Okay, I've search the forum, and the main method that people suggests involved setting up a 2D array of integers to be a coordinate plain, and basically charting out movement on that.

My main problem with this is that it'd call for a large number of if-statements to check the player's position.

I had a variant on this, whic basically involved using multiples of two and threes to generate a massive grid of non-repeating numbers. For all intents and purposes, it worked the same way, but there was no messing with arrays.

Same problems remain, though.

I also saw gameprogramming's text adventure. I found there method to be totally worthless.

Now, on IRC a while back, a guy was talking about how he was doing HIS text-adventure.

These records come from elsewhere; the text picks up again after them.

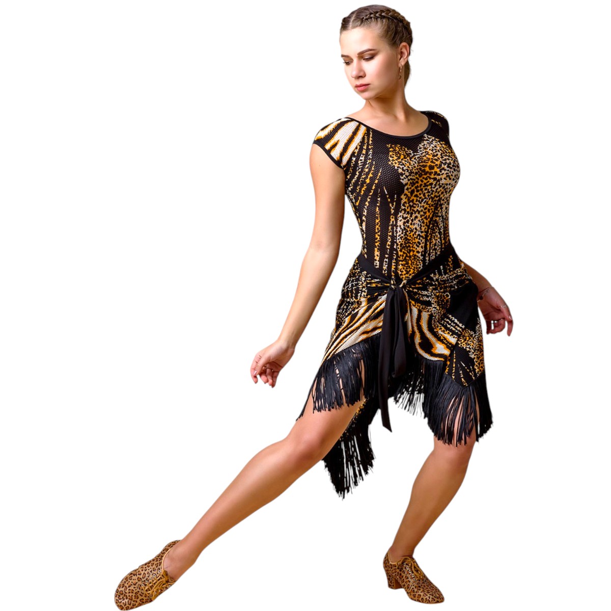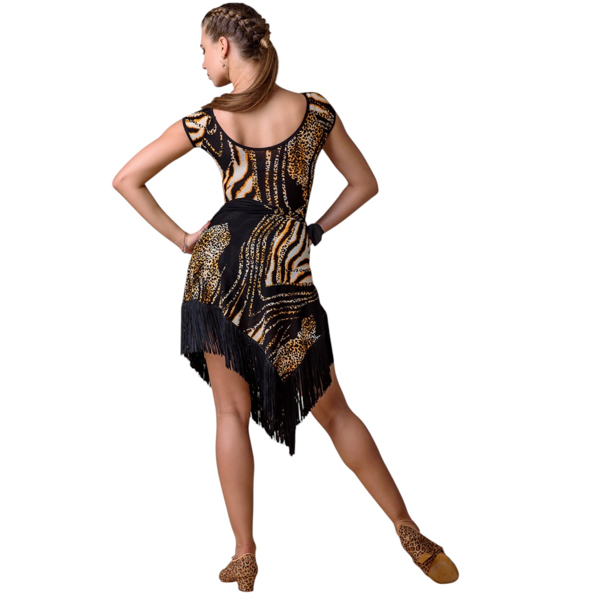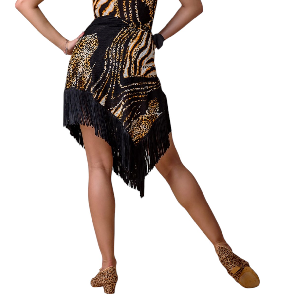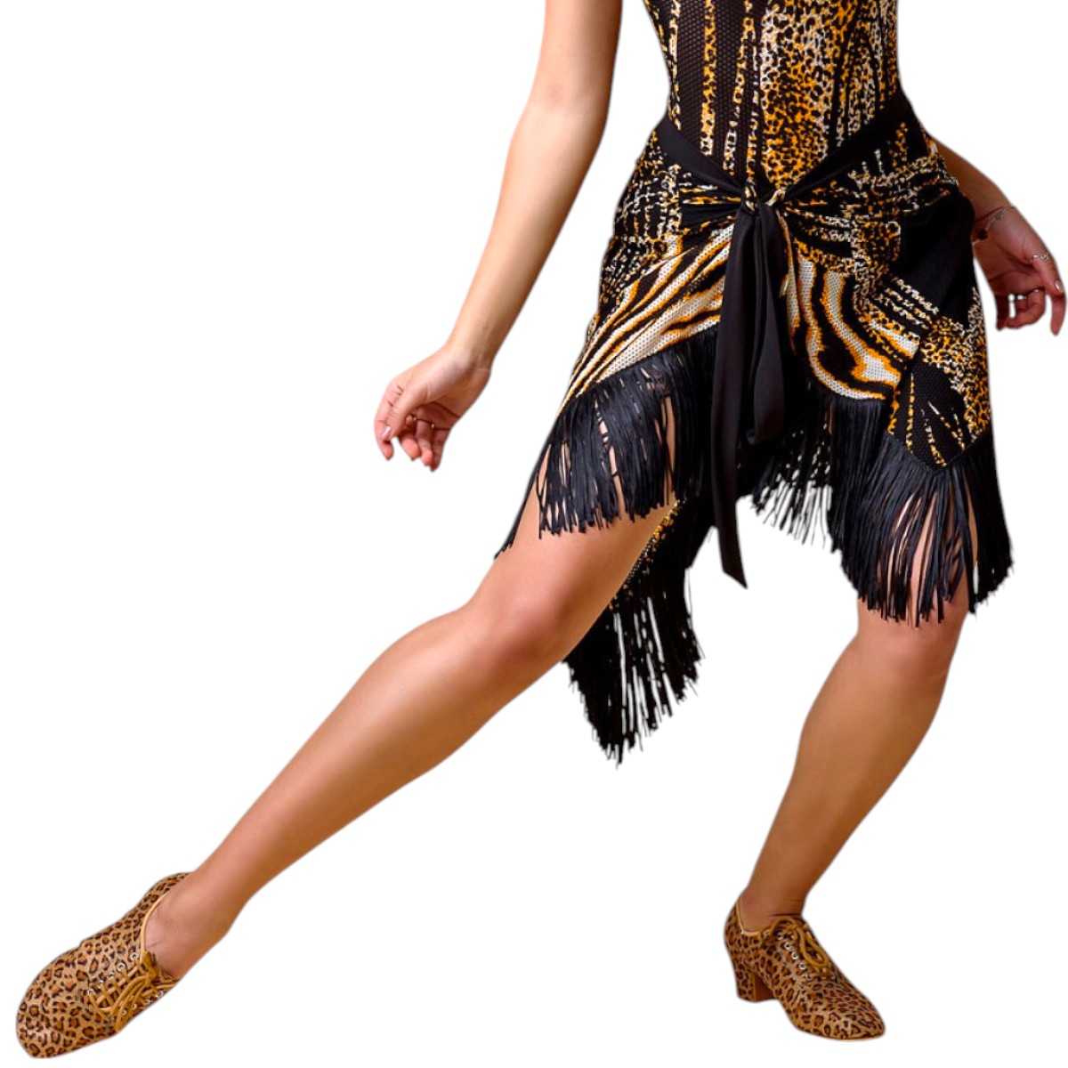 Der EMRATA MESH Lateinrock aus der Bang Bang Kollektion ist für alle gedacht, die Stil und Bewegung beim Tanzen schätzen. Hergestellt aus Netzstoff mit einem Aufdruck, der einen halbtransparenten Effekt erzeugt, wirkt er leicht und auffällig zugleich. Der Wickelschnitt mit integriertem Bund sorgt für eine verstellbare Passform, während der asymmetrische Saum mit scharfen Ecken an einen Schal erinnert und dem Look Eleganz verleiht. Der lange Fransenbesatz unterstreicht jede Bewegung und verleiht den Tanzbewegungen noch mehr Ausdruckskraft.
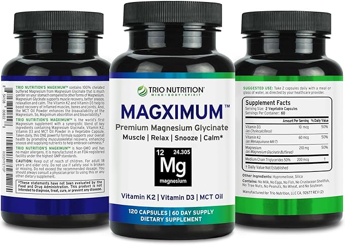 • Trio Nutrition's Magximum Capsules are the world's first Magnesium Supplement with Magnesium Glycinate, Vitamin K2, Vitamin D3, and MCT Oil in a veggie capsule. One powerful formula with maximum absorption and superior impact. A 60-day supply of 100% chelated, buffered magnesium in the form of pure Magnesium Glycinate. *
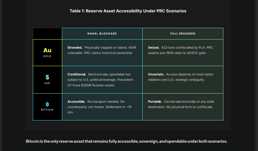 His argument is simple: if China cuts Taiwan off, gold cannot be moved and dollar reserves can be frozen. Bitcoin, he wrote, requires no physical transport and remains accessible regardless of what happens on the ground.
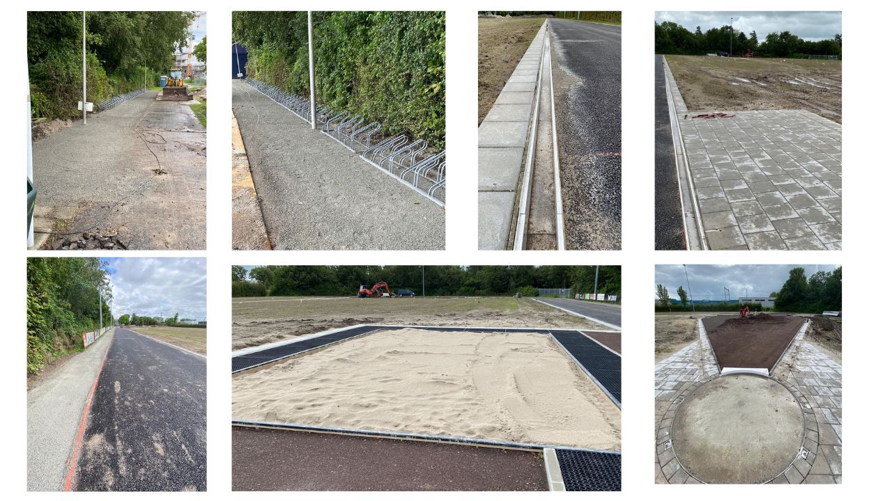 Wat is er de afgelopen week zoal gedaan? Wel, er komt een mooi pad langs de baan voor publiek, de fietsenstalling is aangepakt, rond de baan is een nieuwe aluminium afvoergoot aangebracht en de verspringbak is voorzien van mooi fijn zand.
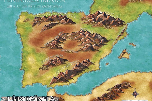 Mapa orográfico de la Península Ibérica en el siglo III a. C. En la parte superior, a la izquierda, en la configuración de la costa atlántica, el Finisterre es la primera saliente entre las principales. En la parte inferior de la carta, donde se rozan Europa y África, el Estrecho de Gibraltar es el lugar de encuentro del océano Atlántico con el mar Mediterráneo (en rigor una misma masa de agua), mítico lugar en el que se levantaban las Columnas de Hércules. Al sur, en la costa norafricana, la cordillera del Atlas corre paralela a la cadena montañosa del sistema bético en la Andalucía española.Mapa orográfico de la Península Ibérica en el siglo III a. C. En la parte superior, a la izquierda, en la configuración de la costa atlántica, el Finisterre es la primera saliente entre las principales. En la parte inferior de la carta, donde se rozan Europa y África, el Estrecho de Gibraltar es el lugar de encuentro del océano Atlántico con el mar Mediterráneo (en rigor una misma masa de agua), mítico lugar en el que se levantaban las Columnas de Hércules. Al sur, en la costa norafricana, la cordillera del Atlas corre paralela a la cadena montañosa del sistema bético en la Andalucía española.

Basically, he had a room class, and from that, room objects. Each room object would point to/contain pointers to whatever rooms were surrounding it, I think. For instance, I think that roomA's toNorth variable would be a pointer to roomB's toSouth variable, and vice versa. This sound somewhat wrong to me, but that's the best I can recall.

I also seem to recall some sort of current_room object, which would basically pick up aspects of whatever room had been moved into by the player.

In other words, the gameworld was not a grid, but constructed of several objects linked by pointers.

Does anyone get what I'm talking about, and could work through my gaping headwound of a description and figure out what I'm trying to do or something?